Legacy of The Great Irish Famine - Suggestions of Genocide

Suggestions of Genocide

A claim was made by a U.S. professor of law, Francis A. Boyle that the Famine was genocide by the British against the Irish, meaning that the famine was part of a deliberate policy of planned extermination. One U.S. historian, James Mullin, insists that what happened can be described as genocide, sometimes accusing other historians, statisticians and researchers who state otherwise of pushing a British point of view, or of revisionism, rewriting history to make excuses for British imperialism. However more U.S., British and Irish historians, such as Professors F.S.L. Lyons, John A. Murphy, Roy Foster, and James S. Donnelly, Jr, as well as historians Cecil Woodham-Smith, Peter Gray, Ruth Dudley Edwards and Cormac Ó Gráda have denied claims of a deliberate policy of genocide. All historians generally agree that British policies during the Famine (particularly those applied by the ministry of Lord John Russell) were misguided, ill-informed and counter-productive, and that had a similar crisis occurred in England instead of Ireland then the government's response would have been very different.

"Democide", a recently coined term, has been suggested to be more appropriate — referring to a deliberate policy of negligence rather of planned extermination. The famine killed one million Irish through hunger and related diseases such as cholera. A million others emigrated during the famine, with millions more following them in the following decades. The vast majority of these people were Roman Catholic, traditionally less inclined towards loyalty to the Crown.
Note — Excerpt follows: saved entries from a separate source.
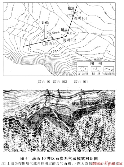 2) 滴西10井區(qū)。滴西10井鉆于2003年,石炭系巖性為流紋巖,2004年在石炭系試氣2層均獲得高產(chǎn)工業(yè)氣流。按照頂面構(gòu)造控藏模式,2004、2005年分別鉆探滴101井和滴102井2口評價井,石炭系巖性均為凝灰?guī)r,無油氣顯示。2005年底,按斷鼻構(gòu)造氣藏圈定滴西10井井控面積4.74km2(圖4中的上圖),探明天然氣地質(zhì)儲量20.20×108m3。2006年,對滴西10井區(qū)按巖性圈閉模式進(jìn)行了重新解釋,提出了新的氣藏模式(圖4中的下圖),并對滴102井進(jìn)行了加深鉆探以驗證新模式。滴102井于3310m開始加深,3460m完鉆,至3340~3370m井段鉆遇流紋巖與滴西10井出氣段巖性一致。鉆探結(jié)果證實了新模式的正確性,指導(dǎo)了后續(xù)探井的部署。2008年,按照巖性巖相控藏模式,鉆探了滴103井和滴104井,均獲得成功,新增含氣面積13.57km2,新增探明天然氣地質(zhì)儲量83.07×108m3。
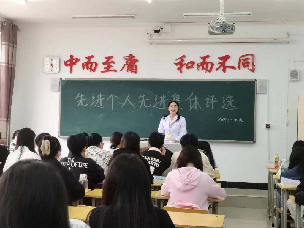 2024年4月15日,护理学214、215班班于1#1208组织开展“先进个人先进集体评选”主题班会,本次班会由辅导员江丽娜主持开展,护理学214、215班全体成员参加。
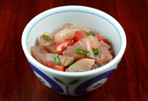 ホシカイワリのポキ(ポケ) セビチェにしてもポキにしてもいい。切り落とされる部分を無駄なく使えていい。端の部分などを細かく切る。ボウルなどに入れてしょうゆ・ごま油で味つけ。ネギ、トマトなどを加えて和える。万人向きの味わいで非常に味わい深い。ワインにも合う。クリックで閉じます![]()
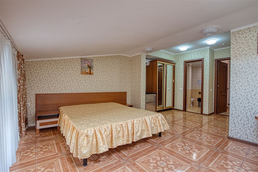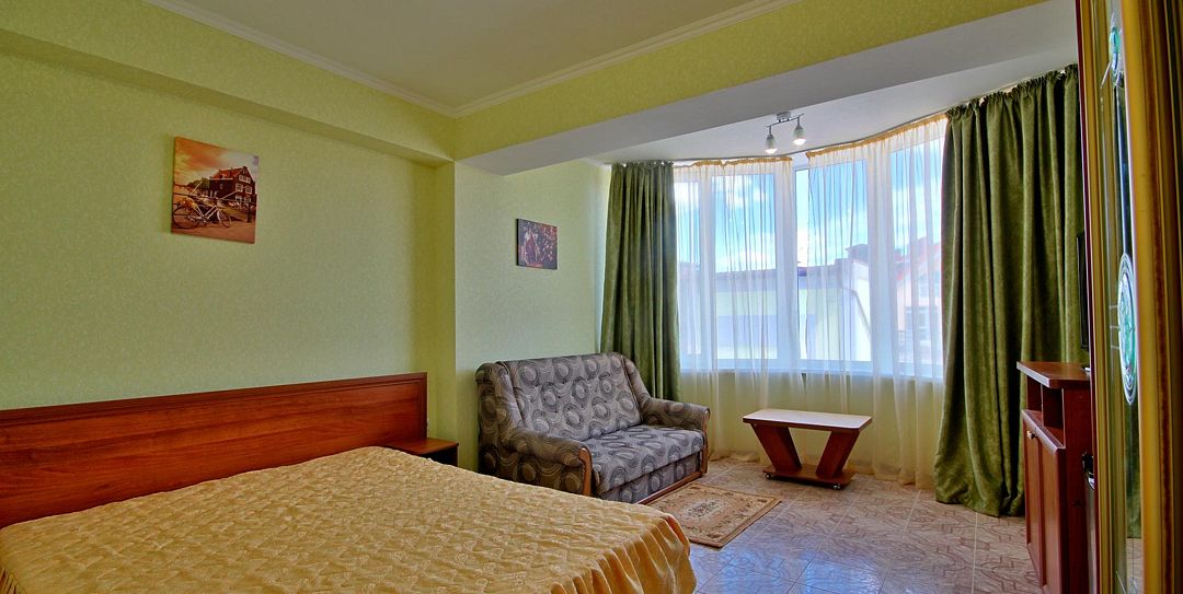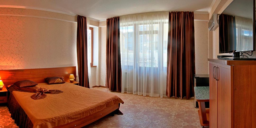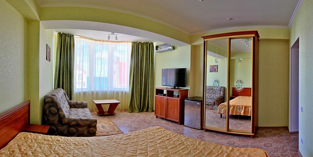 Путешествие с семьейПрекрасный отдыхМы отдыхали здесь большой семьей с сыном 4 лет и бабушкой. Все очень довольны. Номера чистые,современный ремонт, есть кондиционер, чайник, холодильник, набор посуды. Постель комфортная,есть одеяла. До моря идти совсем недалеко, все успешно справлялись с дорогой. На море свои лежаки и зонтики, их всегда хватало. Пляж на территории санатория Морской уголок. Сам санаторий выглядит удручающе, зато есть огромная песочница с зонтами,где сын с удовольствием проводил все дни, завел друзей. Так же есть воллейбольная площадка, муж каждый день играл в воллейбол.
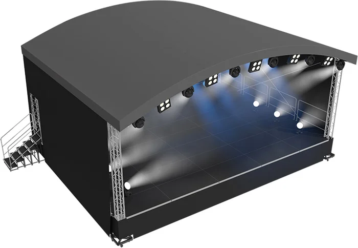 Naxpro-Truss Rundbogendach-Bühne AR04 – 4,00 x 2,99/3,60 x 3,99 m (BxLxH)

While it could easily be said that the famine and its after-effects ended conclusively any chance of Ireland ever being a military or economic threat to Britain again, it should be also noted that the famine's long term demographic effects were less the result of deaths from starvation (which, as with most famines, affected the old, the very young and the sick disproportionately) and more the result of emigration (which affected the young population of reproductive age). It seems almost certain that economic factors alone would have caused considerable emigration from Ireland even without mass starvation, therefore it is a matter of conjecture as to what the population of Ireland would be today had there not been a famine in the 19th century.